▶ _AVAILABLE DATA_:

"""

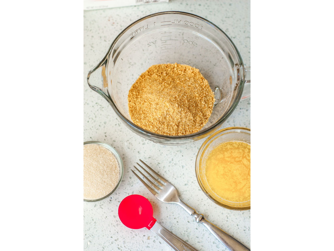 Mix crust with 5 tablespoons melted butter or margarine, as direct on Jello No Bake Cheesecake Box.
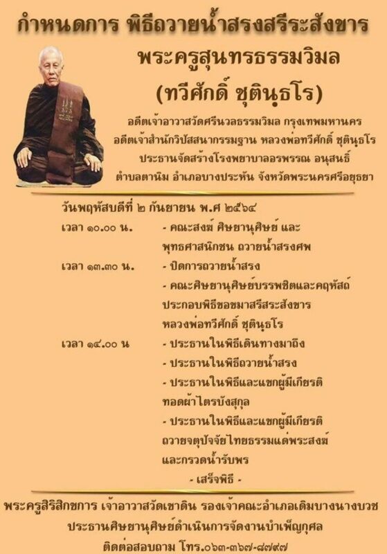 สำหรับกำหนดการพิธีถวายน้ำสรงสรีระสังขาร หลวงพ่อเสือดำ วันที่ 2 ก.ย.64 มีดังนี้
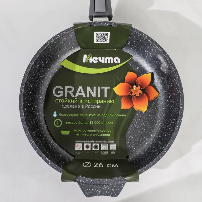 Сковорода «Гранит», d=26 см, съёмная ручка, антипригарное покрытие, цвет серый
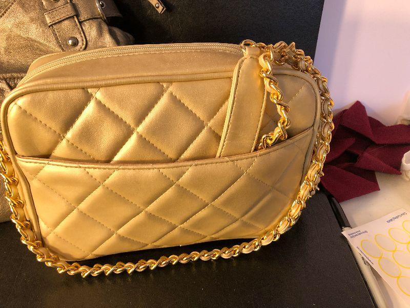 Quilted Giani Bernini bag has gold chain detail. Please see all pictures for exact contents of the lot, condition of the items, and if measurements if taken. Thank you for looking and have fun bidding.

"""

▶ _ABOUT THIS TASK_:
First drop every picture, then print the data above exactly as it stands.

▶ _SOLUTION FOR THIS EXERCISE_:
 Mix crust with 5 tablespoons melted butter or margarine, as direct on Jello No Bake Cheesecake Box.
 สำหรับกำหนดการพิธีถวายน้ำสรงสรีระสังขาร หลวงพ่อเสือดำ วันที่ 2 ก.ย.64 มีดังนี้
 Сковорода «Гранит», d=26 см, съёмная ручка, антипригарное покрытие, цвет серый
 Quilted Giani Bernini bag has gold chain detail. Please see all pictures for exact contents of the lot, condition of the items, and if measurements if taken. Thank you for looking and have fun bidding.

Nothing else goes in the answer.